A1: The relationship between our work and FcaNet can be summarized in two folds. 1) Differences: FcaNet regards the global pooling in the channel attention as a special case of DCT transform. Then, it improves the global pooling by introducing higher-order DCT coefficients. Our method applies the operation for the global pooling vector with Fourier transform instead of expanding the global pooling, and could be integrated with FcaNet on its derived vector. 2) Similarity: both our work and FcaNet aim to construct the channel relationship from the frequency perspective. FcaNet derives the relationship by arranging different group channels with different frequencies, while our method unifies different channels in the frequency space to conjunct all channel information.

Q2 The reason why the “channel-dimension discrepancy” helps improve image enhancement is not illustrated.

A2: The reasons can be summarized in three aspects. 1) The powerful ability of neural networks is to convert the image information to high-dimension with discriminability. The channel-dimension Fourier transform can also enhance such ability to process information in high-dimension. 2) The channel-dimension relationship reflects the discriminative global information property that can contribute to image enhancement, which is similar to the conclusion in [1], where the polynomial integration of different channels enhances the image enhancement process. 3) The discriminability at the feature level also represents that the sub-sequential filter can respond to different features diversely, which has been proven in [2], leading to the improvement of image processing. We add these descriptions in Sec. G of the appendix.

Q3 Why implement the channel-dimension Fourier transform in the global pooling space? What about using other spaces that possessed global information property?

A3: The reasons of performing the implementation in the global pooling space can be summarized in two aspects. 1) As shown in Fig.2, we can conclude the global pooling space comprises the main information about the global lightness and color information, and other information about the content can be excluded.
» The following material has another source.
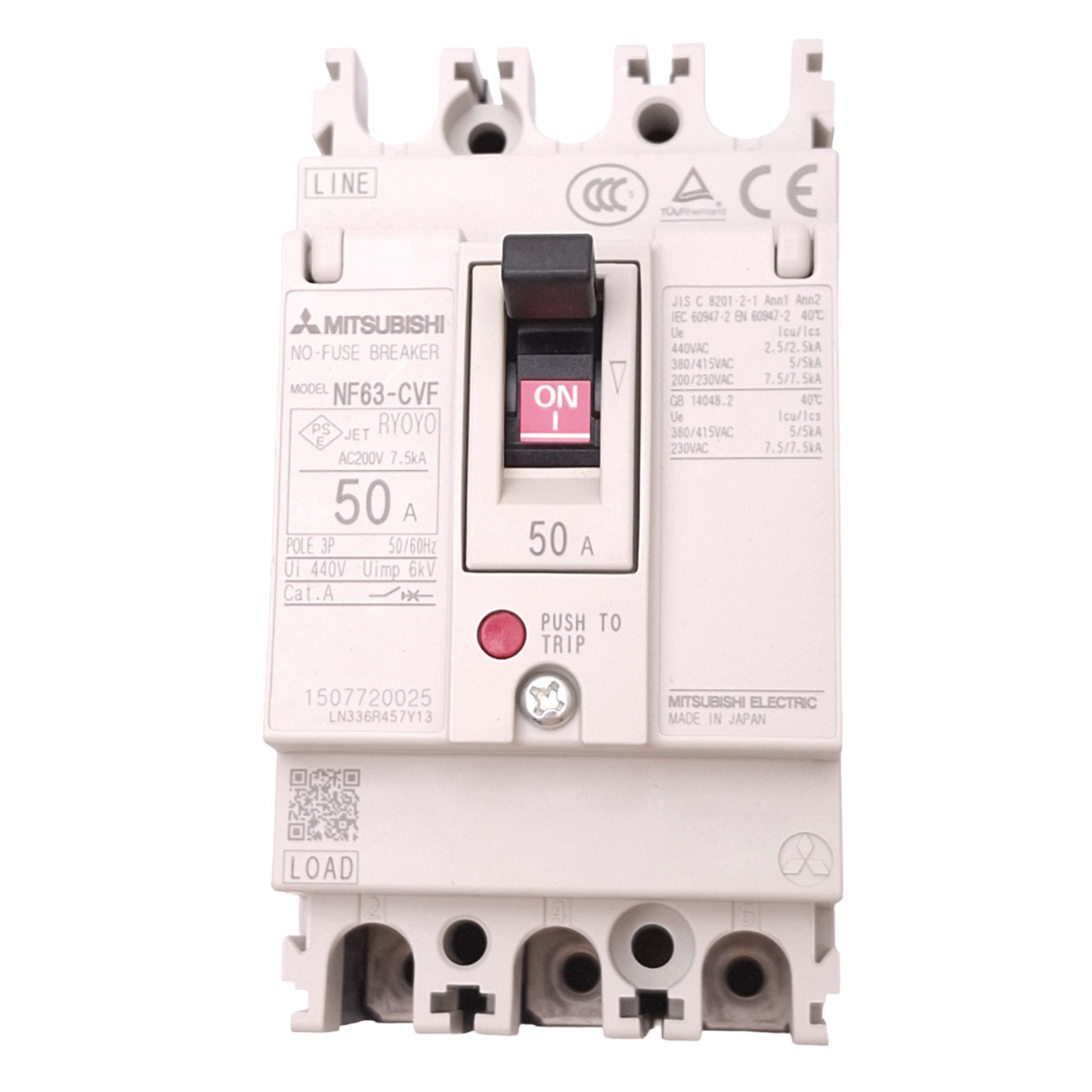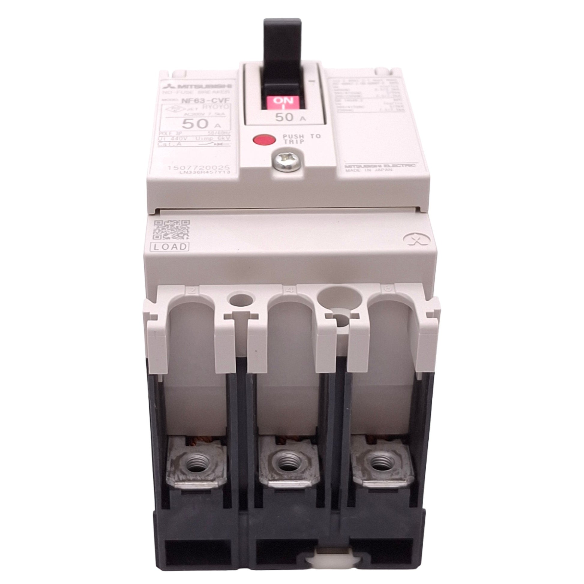 | Item Condition: New SKU: SB-207458 ST36-6-G From our inventory we are selling a Mitsubishi NF63-CVF3P50A No-Fuse Circuit Breaker, 3-Pole, 50A, 440VAC Max. Specifications:

Thus, performing the implementation in the global pooling space makes the operation focus on the global component adjustment. 2) The global pooling space also provides a convenient space for conducting operations, where information can be easily affected in this space with only 1x1 convolution in single-dimension space, while the original space can hardly be affected with simple convolution operations.

For other spaces with global information property, we have verified the effectiveness of applying the channel-dimension Fourier transform in the Fourier space (spatial-Fourier CFTL), which possesses global information according to spectral theory [3]. Moreover, for other spaces, since the Gram matrix derived from the self-attention is already calculated along the channel-dimension, applying our method may not work well.

Q4 Why introduce the attention operation in the Eq.(6) is not explained.

A4: The reasons can be attributed in two aspects: 1) This operation simulates the channel-attention operation, leading to effective processing of the global information. 2) This operation also caters to the global matrix transformation such as color transformation, satisfying the requirement of image enhancement.